┌──

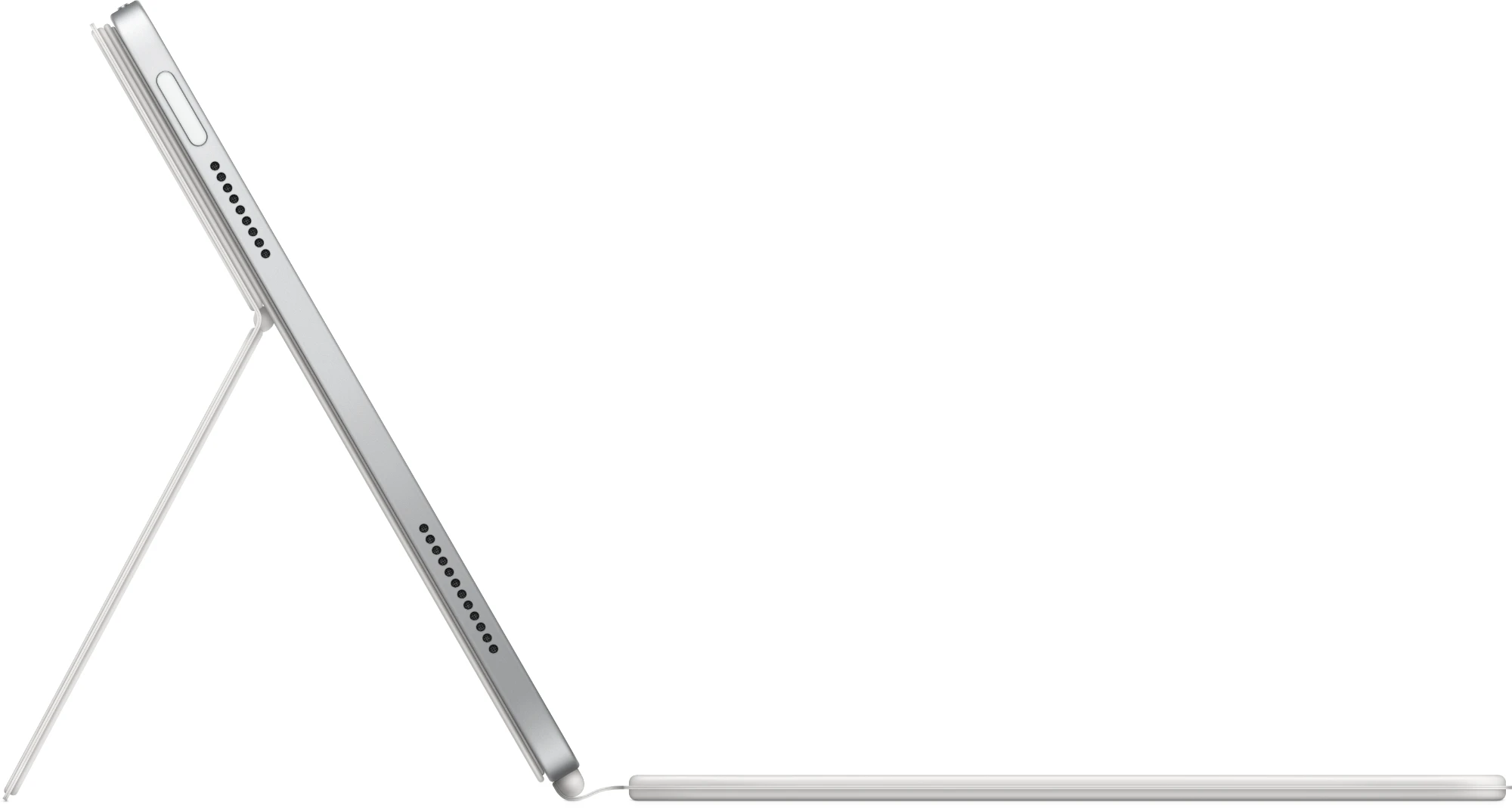 Mit dem Magic Keyboard Folio kannst du angenehm tippen und mit einem großen Trackpad arbeiten. Pass schnell die Lautstärke an oder such eine Datei über die Reihe mit Funktionstasten. Das flexible zweiteilige Design kommt mit einer abnehmbaren Tastatur. Die schützende Rückseite hat eine verstellbare Stütze für verschiedene Betrachtungswinkel
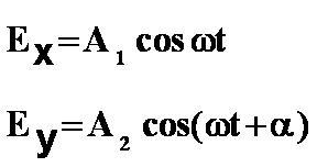Проекции световых векторов этих волн на соответствующие оси изменяются по закону:
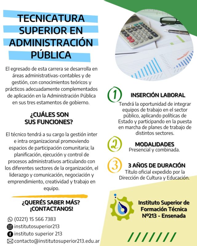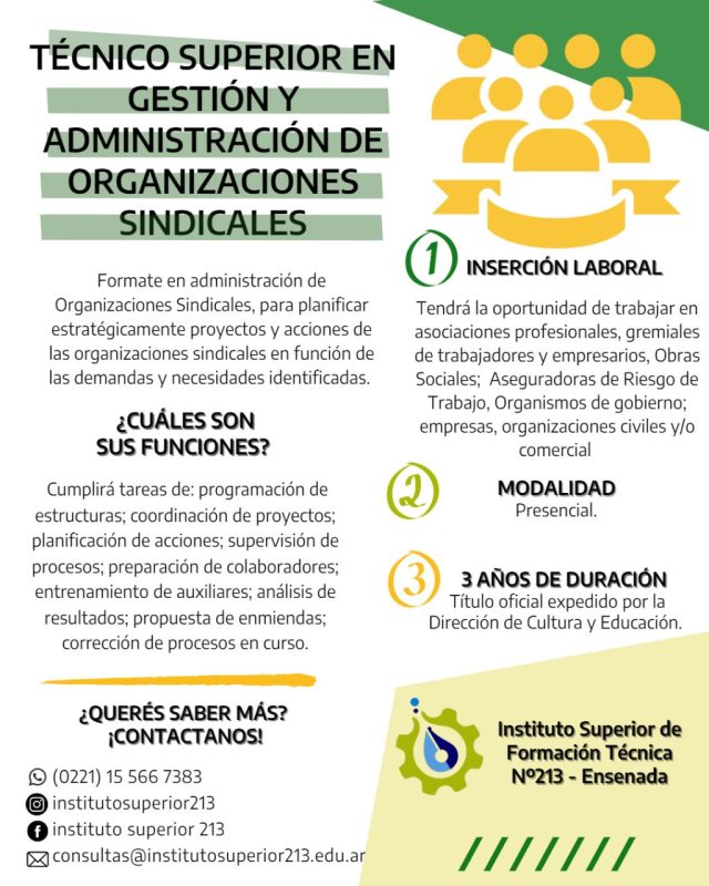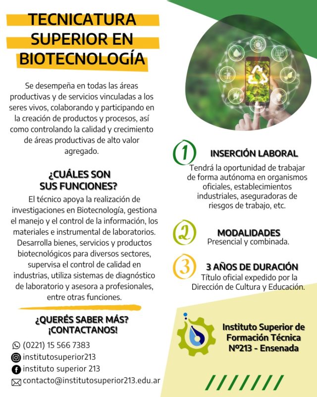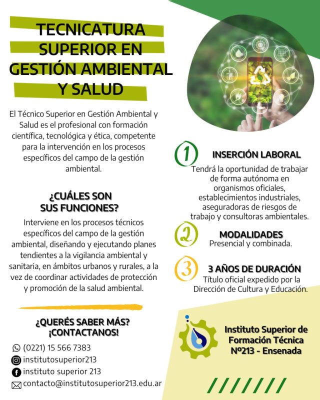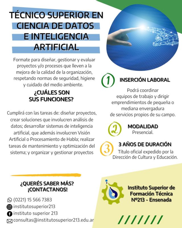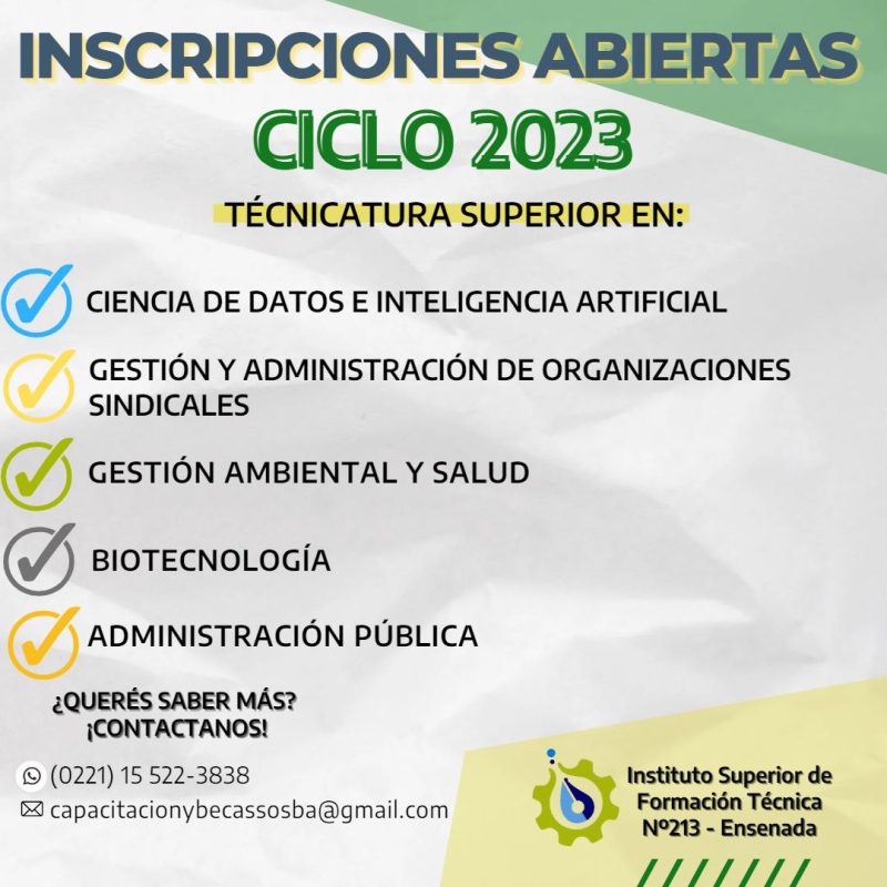 El Instituto Superior de Formación Técnica N° 213 de Ensenada abrió la inscripción para carreras terciarias con tecnicaturas superiores en modalidades combinadas presencial y virtual.
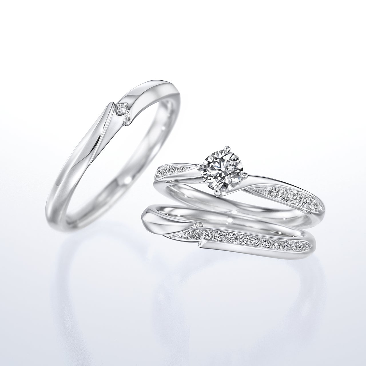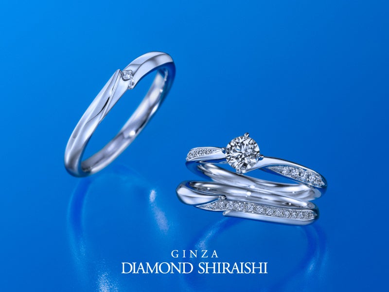 重ねて着けることでマリッジリングのメレダイヤモンドが下から光を集め、センターダイヤモンドをより輝かせます。優しいウェーブをも感じさせる緩やかなストレート、ありそうでないこのデザインはこれまでお客様に寄り添い続けた銀座ダイヤモンドシライシだから実現したセットリングです。
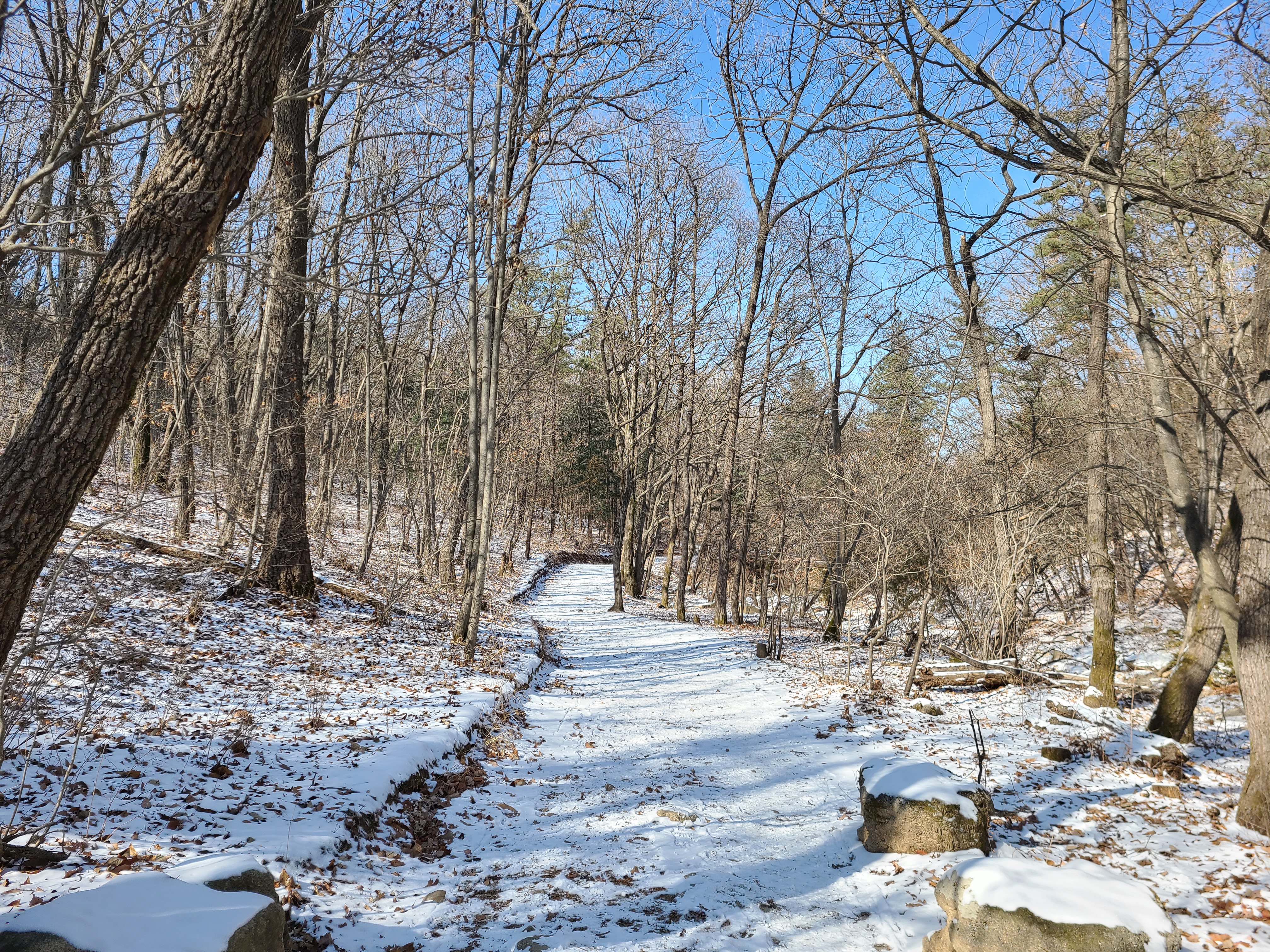 어제내린 눈이 그대로 쌓여있는 호암산을 걷는다.
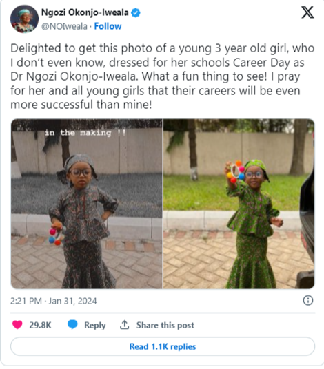 “Delighted to get this photo of a young 3-year-old girl, who I don’t even know, dressed for her school’s Career Day as Dr. Ngozi Okonjo-Iweala. What a fun thing to see! I pray for her and all young girls that their careers will be even more successful than mine!,” Ngozi Okonjo-Iweala wrote.
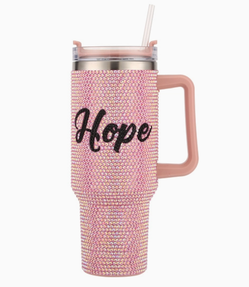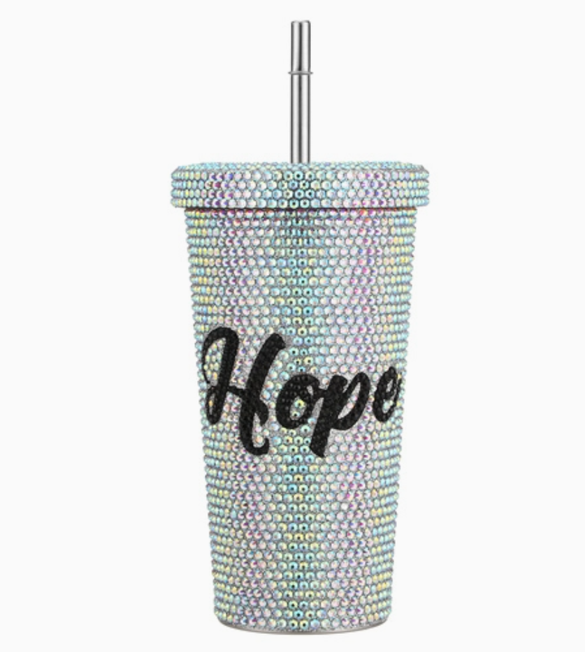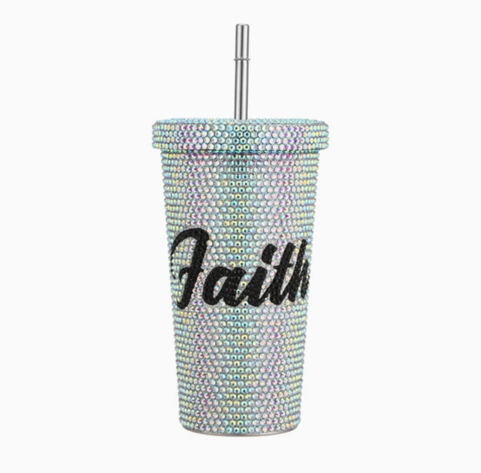 Tazas de Café y Agua de Acero Inoxidable de 17 oz con Logotipo Personalizado, Diseño Clásico de Fe y Esperanza con Pedrería Plateada, para Camping, con Tapas
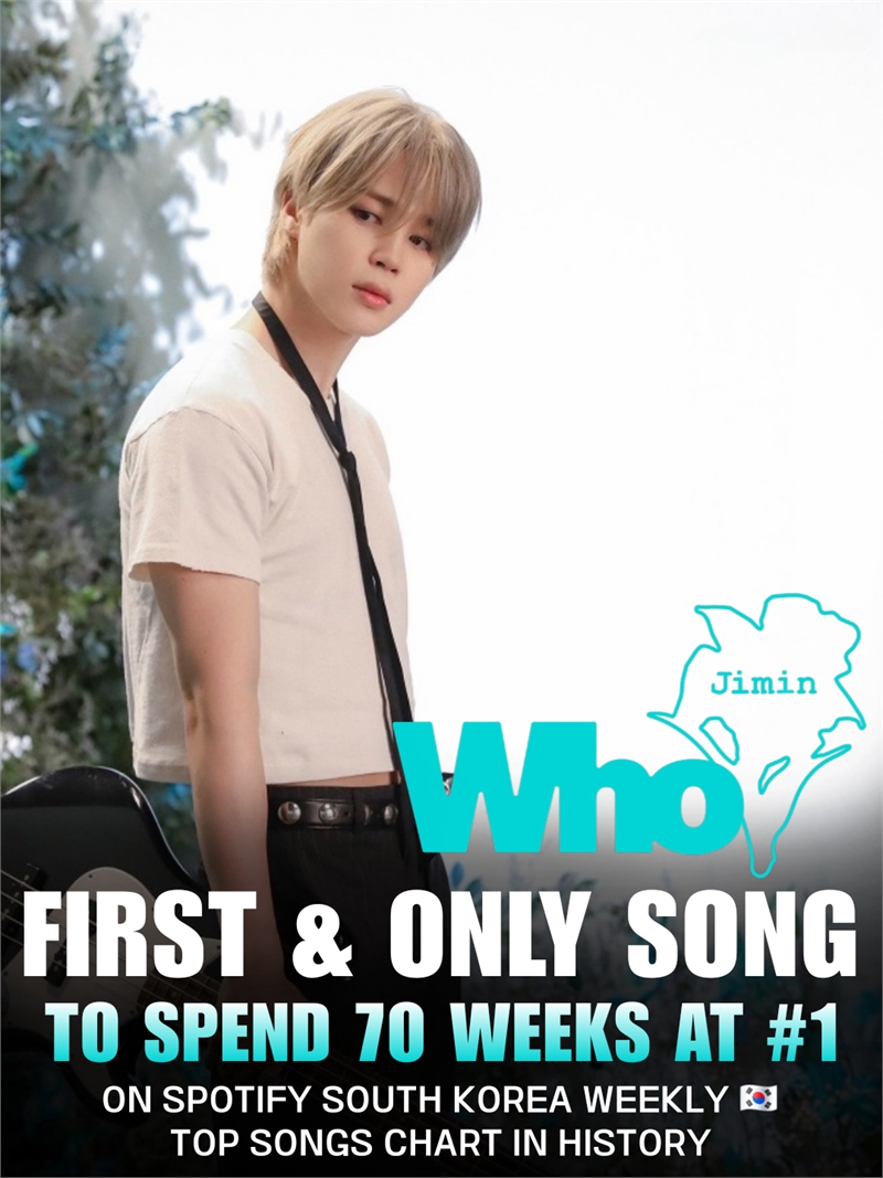 세계 최대 음원 플랫폼 스포티파이(Spotify)의 12월 25일 자 차트 업데이트에 따르면, 지민의 2집 솔로앨범 'MUSE'(뮤즈) 타이틀곡 'Who'(후)는 스포티파이 한국 '위클리 톱 송' 차트에서 70주째 1위에 올랐다. 이로써 해당 곡은 현재까지 총 70번의 1위를 달성, 이는 차트 역사상 70주 1위에 오른 최초이자 유일 기록이자 최다 1위 기록이다.
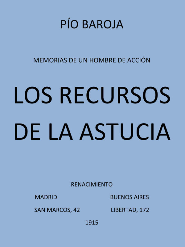 The Project Gutenberg EBook of Memorias de un Hombre de Acción: #5 Los Recursos de la Astucia, by Pío Baroja This eBook is for the use of anyone anywhere in the United States and most other parts of the world at no cost and with almost no restrictions whatsoever. You may copy it, give it away or re-use it under the terms of the Project Gutenberg License included with this eBook or online at www.gutenberg.org. If you are not located in the United States, you'll have to check the laws of the country where you are located before using this ebook. Title: Memorias de un Hombre de Acción: #5 Los Recursos de la Astucia Author: Pío Baroja Release Date: October 4, 2015 [EBook #50126] Language: Spanish Character set encoding: ISO-8859-1 *** START OF THIS PROJECT GUTENBERG EBOOK MEMORIAS DE UN HOMBRE *** Produced by Carlos Colón, University of Toronto and the Online Distributed Proofreading Team at http://www.pgdp.net (This file was produced from images generously made available by The Internet Archive)

└──

What the task requires.
Write out exactly the lines from the one containing "Tazas de Café" through the last line of the records above, both ends included, and leave out any pictures.

Answer section.
 Tazas de Café y Agua de Acero Inoxidable de 17 oz con Logotipo Personalizado, Diseño Clásico de Fe y Esperanza con Pedrería Plateada, para Camping, con Tapas
 세계 최대 음원 플랫폼 스포티파이(Spotify)의 12월 25일 자 차트 업데이트에 따르면, 지민의 2집 솔로앨범 'MUSE'(뮤즈) 타이틀곡 'Who'(후)는 스포티파이 한국 '위클리 톱 송' 차트에서 70주째 1위에 올랐다. 이로써 해당 곡은 현재까지 총 70번의 1위를 달성, 이는 차트 역사상 70주 1위에 오른 최초이자 유일 기록이자 최다 1위 기록이다.
 The Project Gutenberg EBook of Memorias de un Hombre de Acción: #5 Los Recursos de la Astucia, by Pío Baroja This eBook is for the use of anyone anywhere in the United States and most other parts of the world at no cost and with almost no restrictions whatsoever. You may copy it, give it away or re-use it under the terms of the Project Gutenberg License included with this eBook or online at www.gutenberg.org. If you are not located in the United States, you'll have to check the laws of the country where you are located before using this ebook. Title: Memorias de un Hombre de Acción: #5 Los Recursos de la Astucia Author: Pío Baroja Release Date: October 4, 2015 [EBook #50126] Language: Spanish Character set encoding: ISO-8859-1 *** START OF THIS PROJECT GUTENBERG EBOOK MEMORIAS DE UN HOMBRE *** Produced by Carlos Colón, University of Toronto and the Online Distributed Proofreading Team at http://www.pgdp.net (This file was produced from images generously made available by The Internet Archive)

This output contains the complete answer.